--- Information supplied Enclosed Below ---

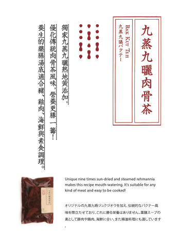 オリジナルの九蒸九晒ジュクジオウを加え、伝統的なバクテー風 味を際立たせており、これに勝る栄養はありません。薬膳スープの 素として豚肉や鶏肉、海鮮に合い、また精進料理にも適しています 。
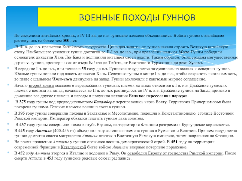 Слайд 17ВОЕННЫЕ ПОХОДЫ ГУННОВ
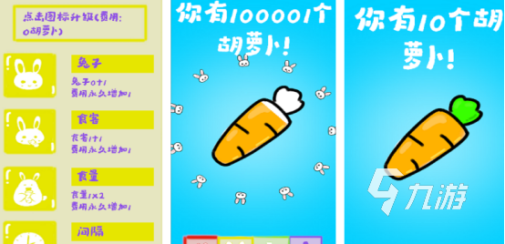 胡蘿卜是小兔子菜單當(dāng)中首屈一指的美食,因此在屏幕中就會(huì)看到很多的小兔子和一根長(zhǎng)長(zhǎng)的胡蘿卜。最終的操作要求就是不斷點(diǎn)擊胡蘿卜,讓其中的小兔子實(shí)現(xiàn)胡蘿卜自由。通過(guò)逐漸點(diǎn)擊屏幕之后即可升級(jí)大量的胡蘿卜,比如在屏幕上都會(huì)呈現(xiàn)出胡蘿卜的數(shù)量等等,也可滿足更多的兔子。
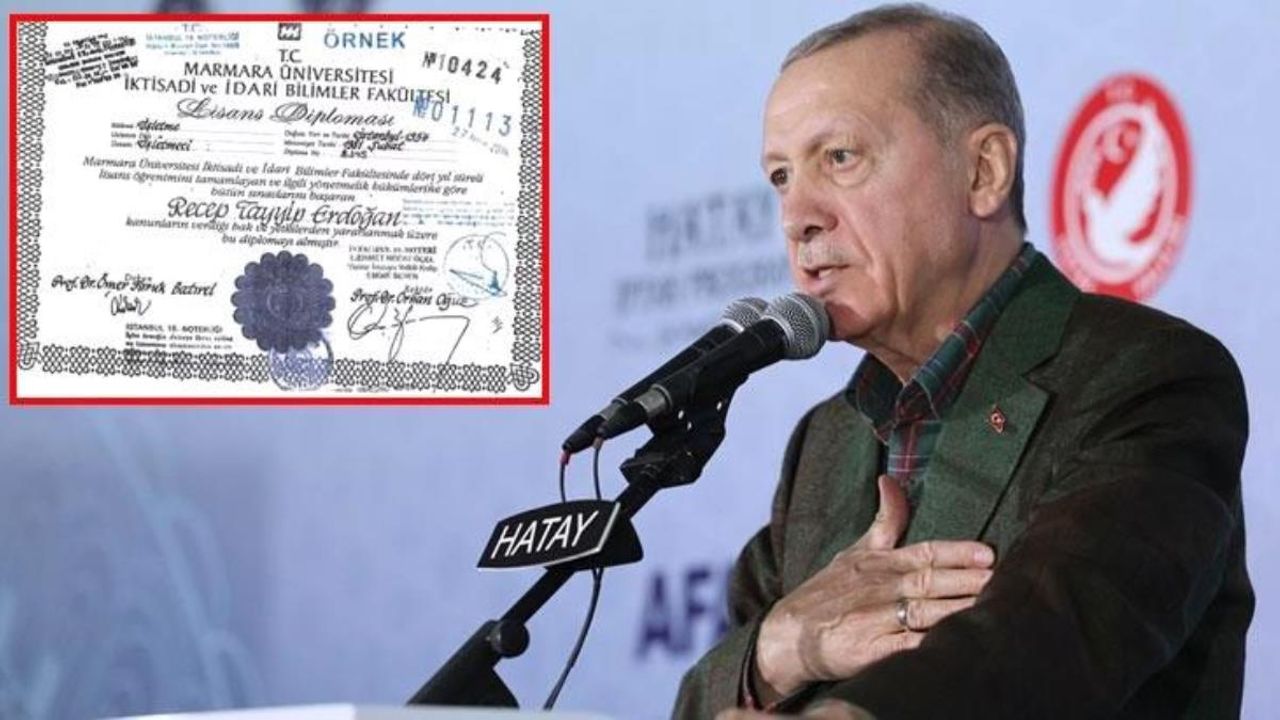 Cumhurbaşkanı Erdoğan'ın üniversite mezuniyet diploması, İletişim Başkanı Fahrettin Altun tarafından kamuoyuyla paylaşıldı. Altun, Tayyip Erdoğan'ın üniversite mezuniyet belgesinin yanı sıra mezunlar defteri, askerlik şubesine yazılan yazı ve okul kayıt defteri gibi resmi evrakları da açıkladı.

--- End of Enclosed Information supplied ---

■ Your task ■
The response is to contain exactly the lines from the beginning of the data through the line containing "胡蘿卜是小兔子菜單當(dān", both ends included, and nothing else; omit the pictures.

■ Exercise output ■
 オリジナルの九蒸九晒ジュクジオウを加え、伝統的なバクテー風 味を際立たせており、これに勝る栄養はありません。薬膳スープの 素として豚肉や鶏肉、海鮮に合い、また精進料理にも適しています 。
 Слайд 17ВОЕННЫЕ ПОХОДЫ ГУННОВ
 胡蘿卜是小兔子菜單當(dāng)中首屈一指的美食,因此在屏幕中就會(huì)看到很多的小兔子和一根長(zhǎng)長(zhǎng)的胡蘿卜。最終的操作要求就是不斷點(diǎn)擊胡蘿卜,讓其中的小兔子實(shí)現(xiàn)胡蘿卜自由。通過(guò)逐漸點(diǎn)擊屏幕之后即可升級(jí)大量的胡蘿卜,比如在屏幕上都會(huì)呈現(xiàn)出胡蘿卜的數(shù)量等等,也可滿足更多的兔子。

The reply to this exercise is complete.